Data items
"""

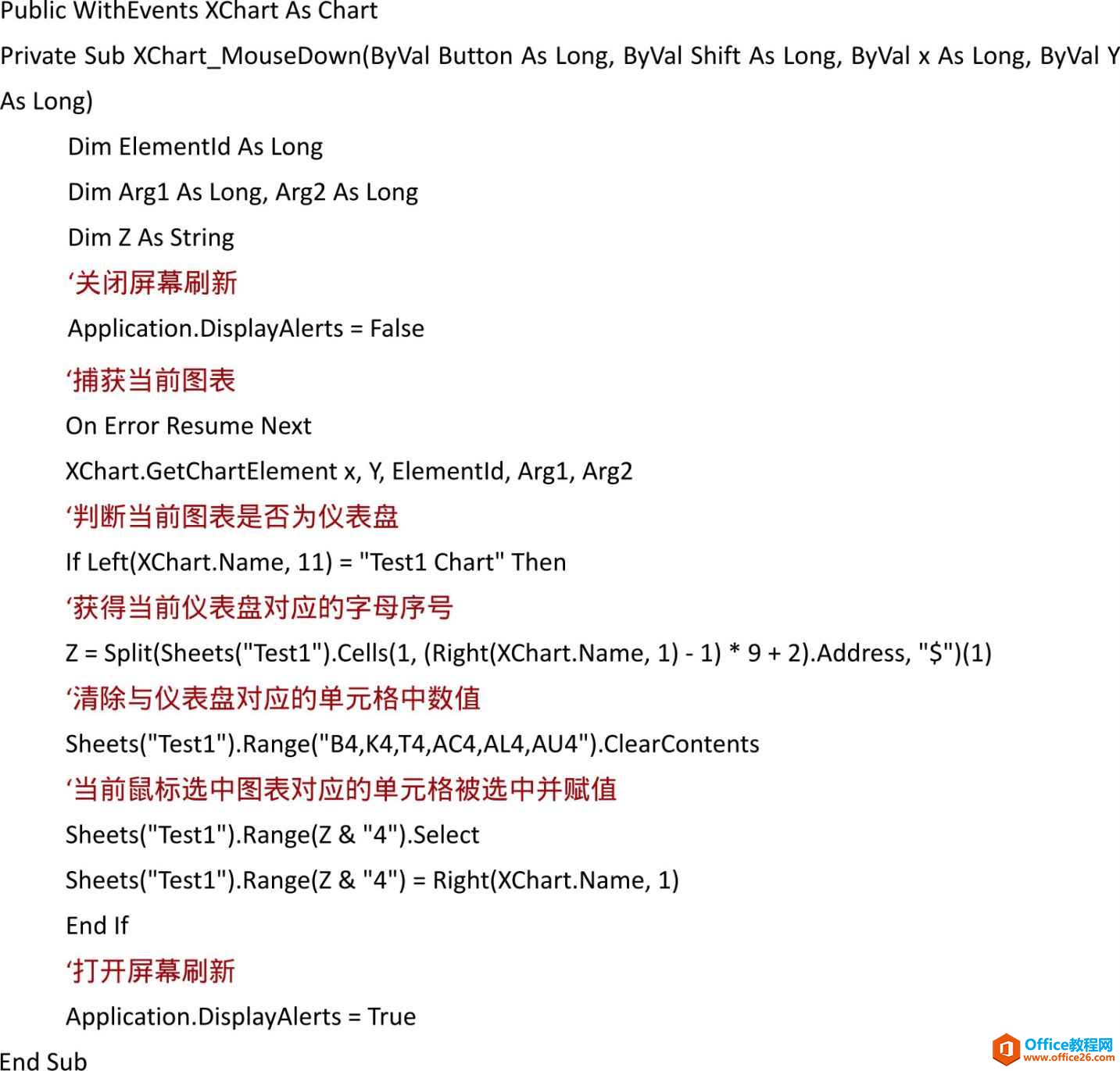 程序代码:15.3-2 模块1中的XChart_MouseDown 将仪表盘和类模块关联
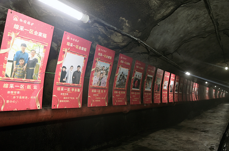 综采一区党支部在井下工作区域安设的职工“亲情墙”,冰冷巷道变成亲情通道。
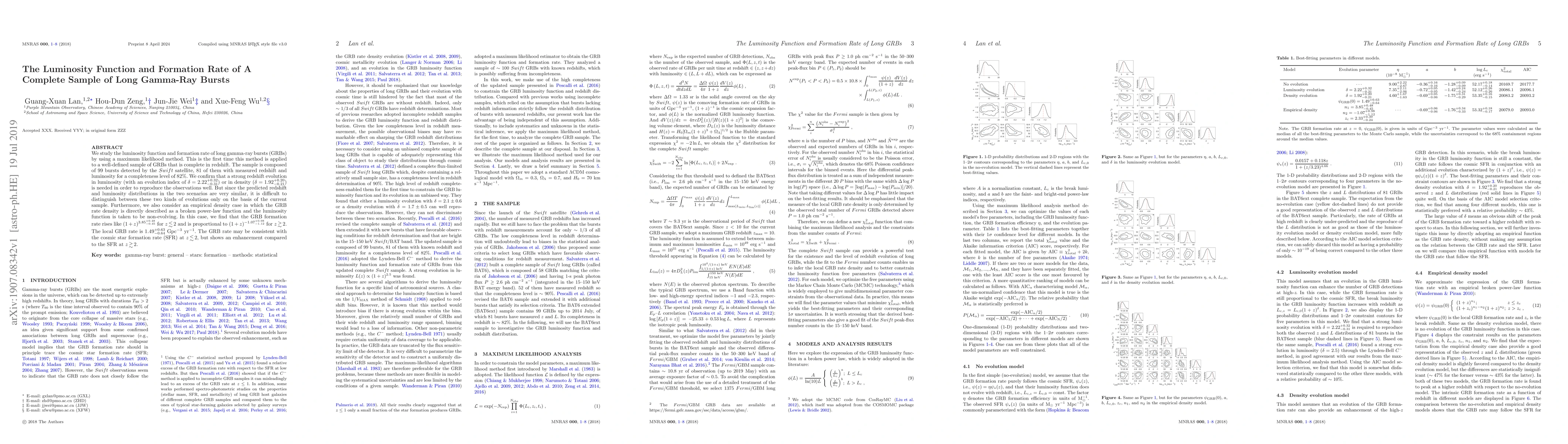 This study employs a maximum likelihood method to analyze the luminosity function and formation rate of a complete redshift sample of 99 long gamma-ray bursts (GRBs) detected by the Swift satellite. The research finds strong evidence for redshift evolution in luminosity or density, but distinguishing between these evolutions remains challenging.
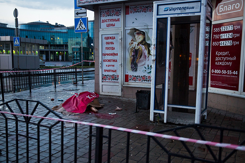 С каждым днем ситуация становилась все более страшной. В реке нашли тело местного депутата, которого похитили и пытали сепаратисты; пять человек погибли при нападении отряда «Правого сектора» на один из блокпостов; боевики с георгиевскими лентами взяли в заложники журналиста Vice News и угрожали ему расстрелом. Российское государство всеми силами раскручивало эту спираль: пропагандисты называли Стрелкова и его людей местными жителями, и Путин грозил «последствиями» за насилие против них.
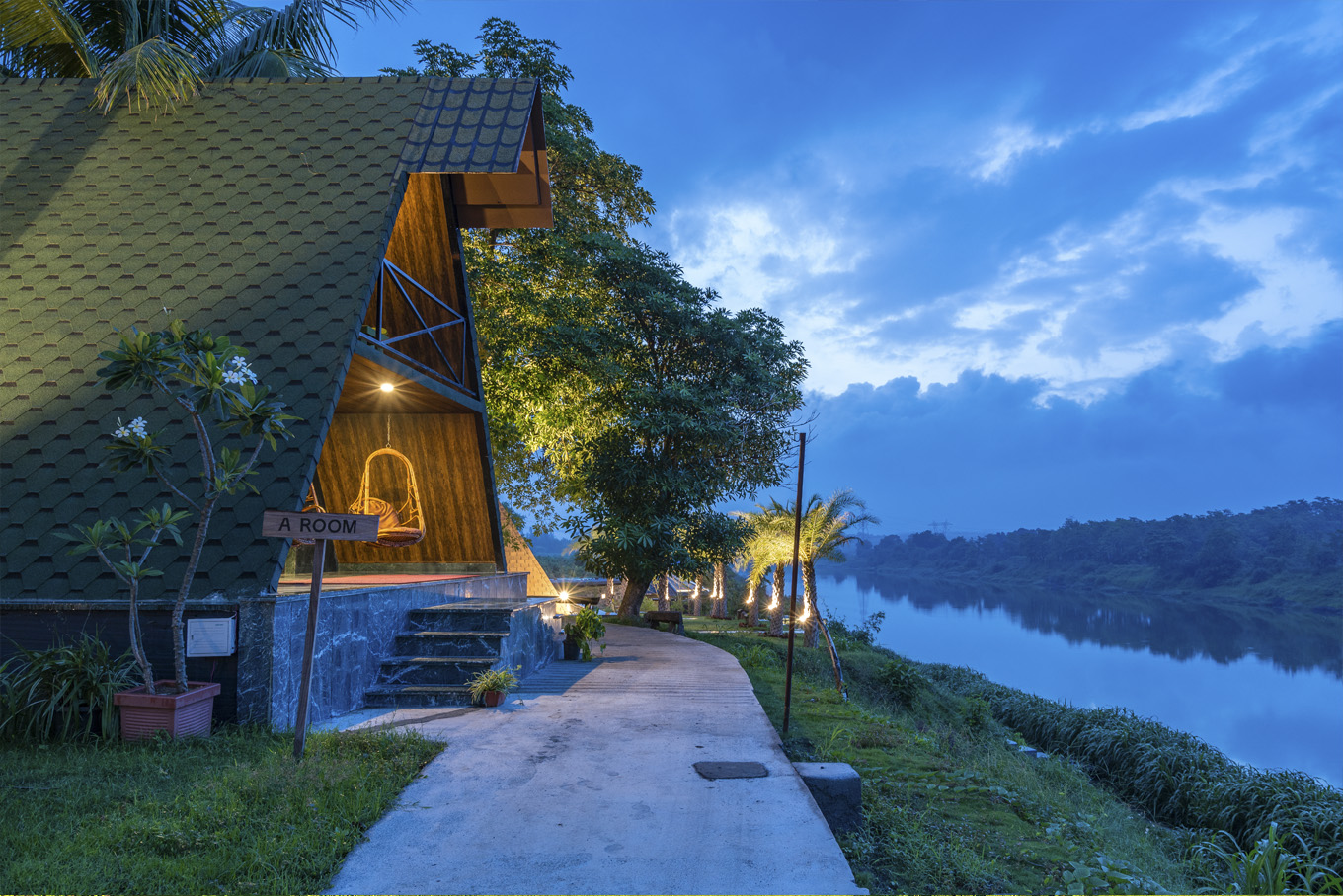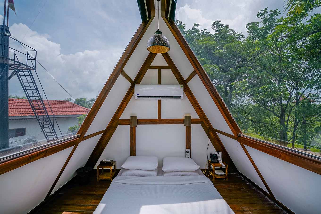 This A-shaped chalet comes in 2 levels. The lower level occupies the living room, bathroom and a comfortable open-air seating territory, while the upper level has a compact, minimalist room and sleek river view balcony. Even better, the glass windows bolster amplified natural lighting while making a perfect spot for unadulterated views of mother earth.
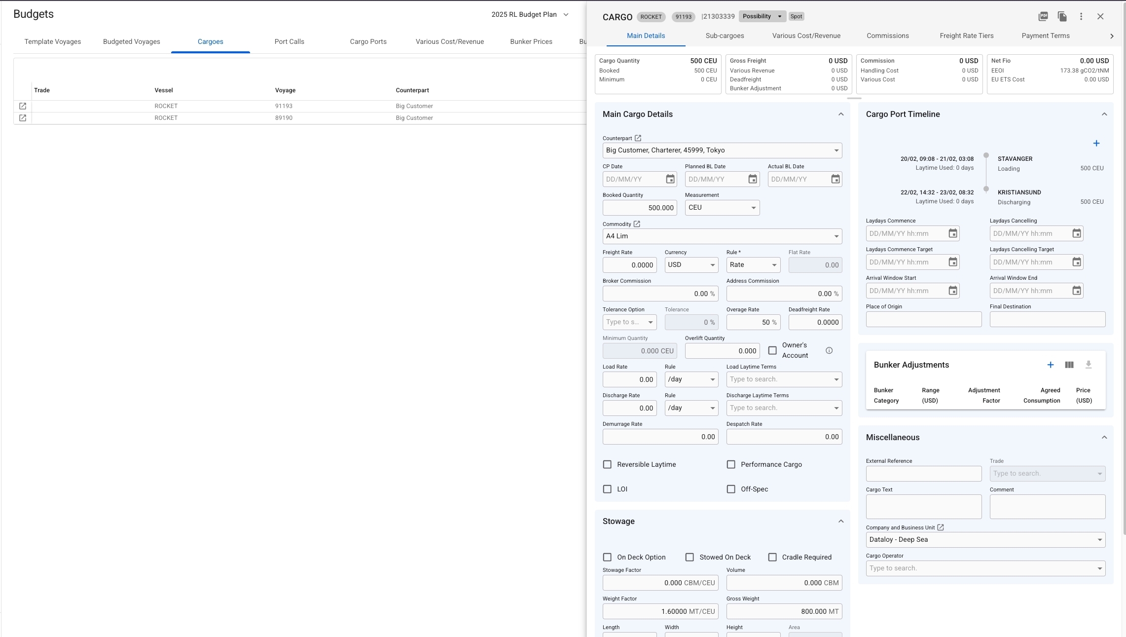 -icon in the left-most column, you will be able to open up the Cargo drawer for that specific row. From the below view, you can edit the selected cargo:
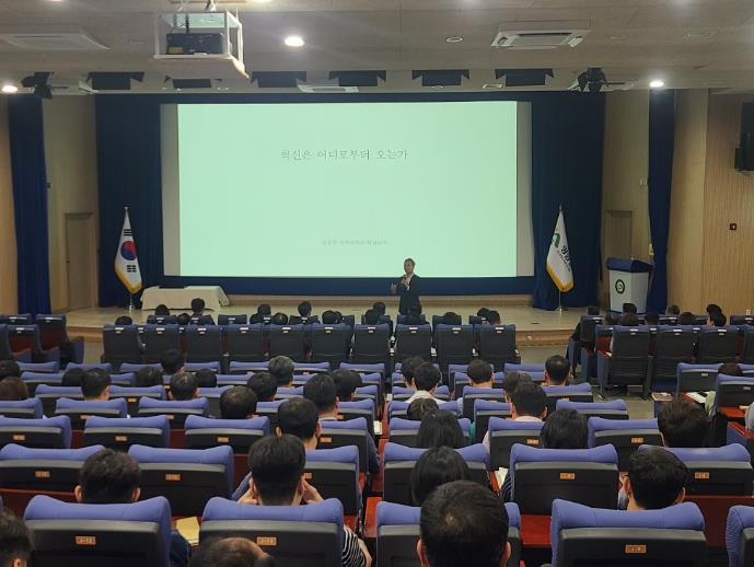영암군이 3일 군청에서 공직자 300여 명이 참석한 가운데 김승수 전 전주시장을 초청해 ‘혁신은 어디로부터 오는가’ 주제 특강을 진행했다.
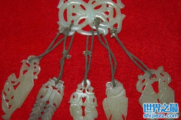 玉组佩是由53块玉共同组成的白玉质地套件,物件整体长约53.6厘米,是由五行四组共同组成,每组分别雕由麒麟、凤鸟、仙桃、双柿、四仙人等图案,通常被挂在胸腹部 ,走起路来会因玉饰之间的互相撞击而产生美妙动听的声响。
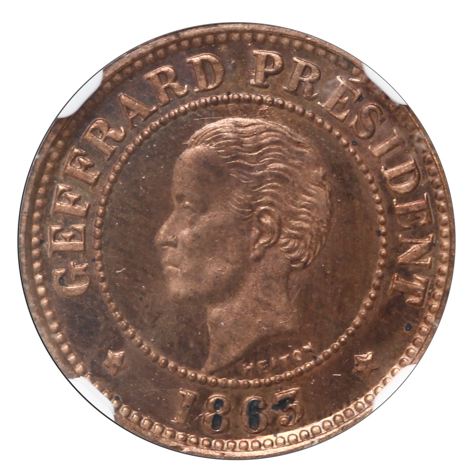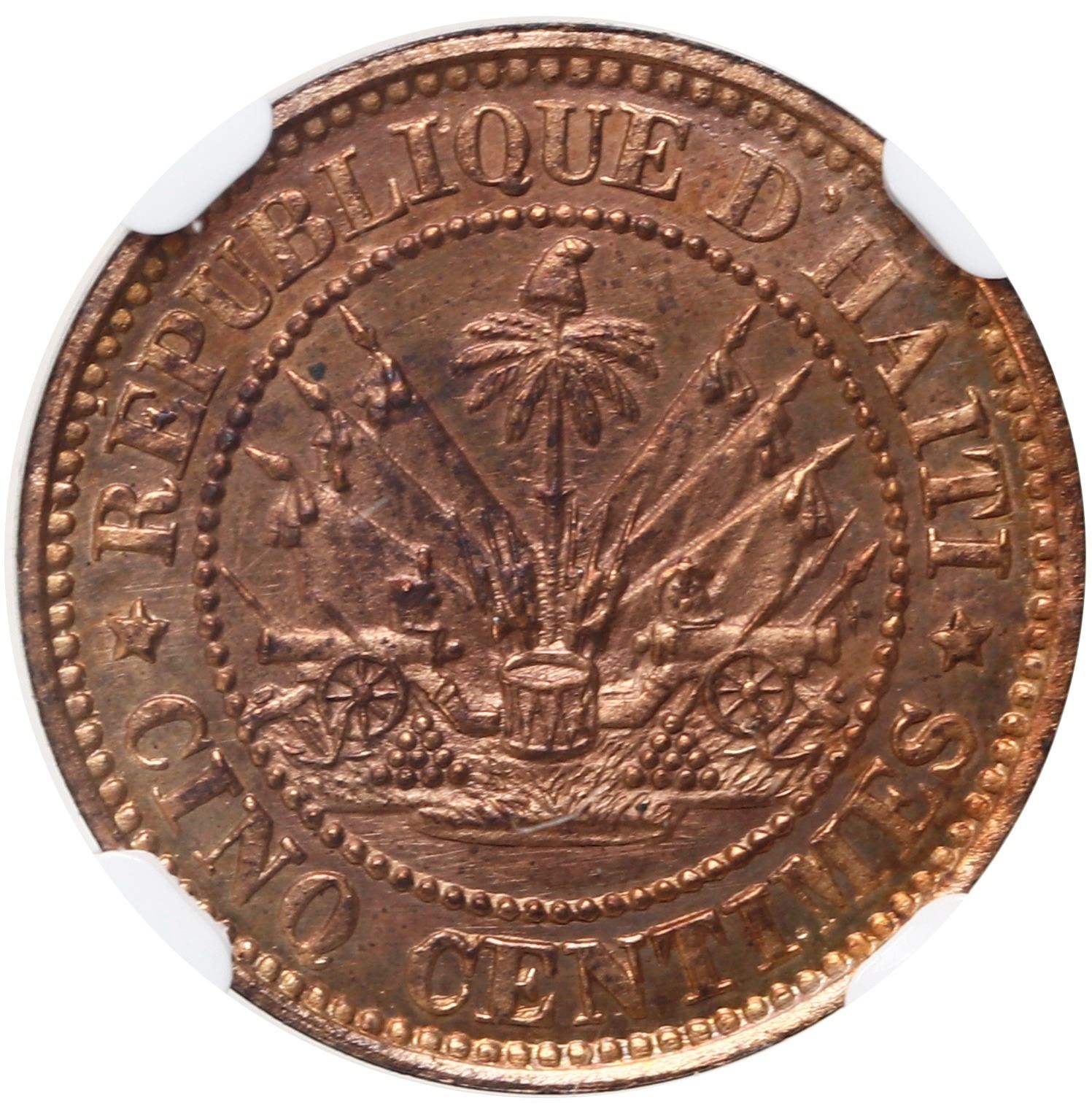 Haiti (struck in England), copper proof 5 centimes, 1863-HEATON, NGC SP 64 Red Brown. KM-40. Brilliant proof with mirror fields showing ample red hues. Please use this link to verify the certification number
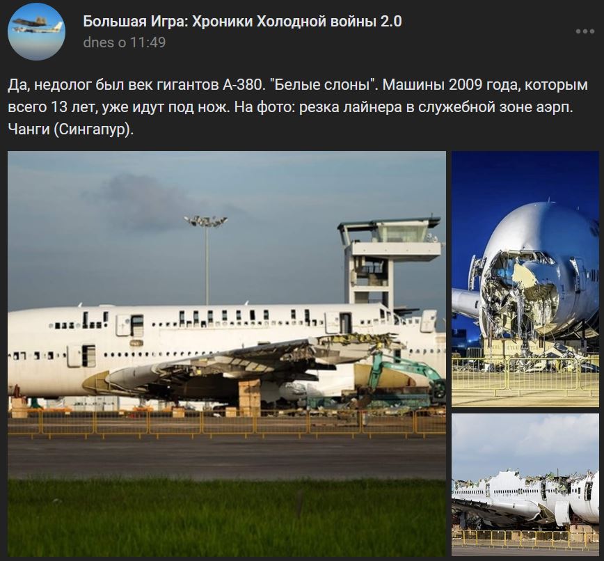 Áno, éra gigantov A-380 trvala krátko. "Biele slony. Mašiny z roku 2009, ktoré majú len 13 rokov, už idú pod nôž. Na snímke rezanie lietadla v servisnej zóne na letisku Changi v Singapure.

"""

### [Exercise instructions]
Could you write out again, exactly, the lines from the line containing "영암군이 3일 군청에서" through the last line of the records above? Leave out the pictures.

### [Task solution]
영암군이 3일 군청에서 공직자 300여 명이 참석한 가운데 김승수 전 전주시장을 초청해 ‘혁신은 어디로부터 오는가’ 주제 특강을 진행했다.
 玉组佩是由53块玉共同组成的白玉质地套件,物件整体长约53.6厘米,是由五行四组共同组成,每组分别雕由麒麟、凤鸟、仙桃、双柿、四仙人等图案,通常被挂在胸腹部 ,走起路来会因玉饰之间的互相撞击而产生美妙动听的声响。
 Haiti (struck in England), copper proof 5 centimes, 1863-HEATON, NGC SP 64 Red Brown. KM-40. Brilliant proof with mirror fields showing ample red hues. Please use this link to verify the certification number
 Áno, éra gigantov A-380 trvala krátko. "Biele slony. Mašiny z roku 2009, ktoré majú len 13 rokov, už idú pod nôž. Na snímke rezanie lietadla v servisnej zóne na letisku Changi v Singapure.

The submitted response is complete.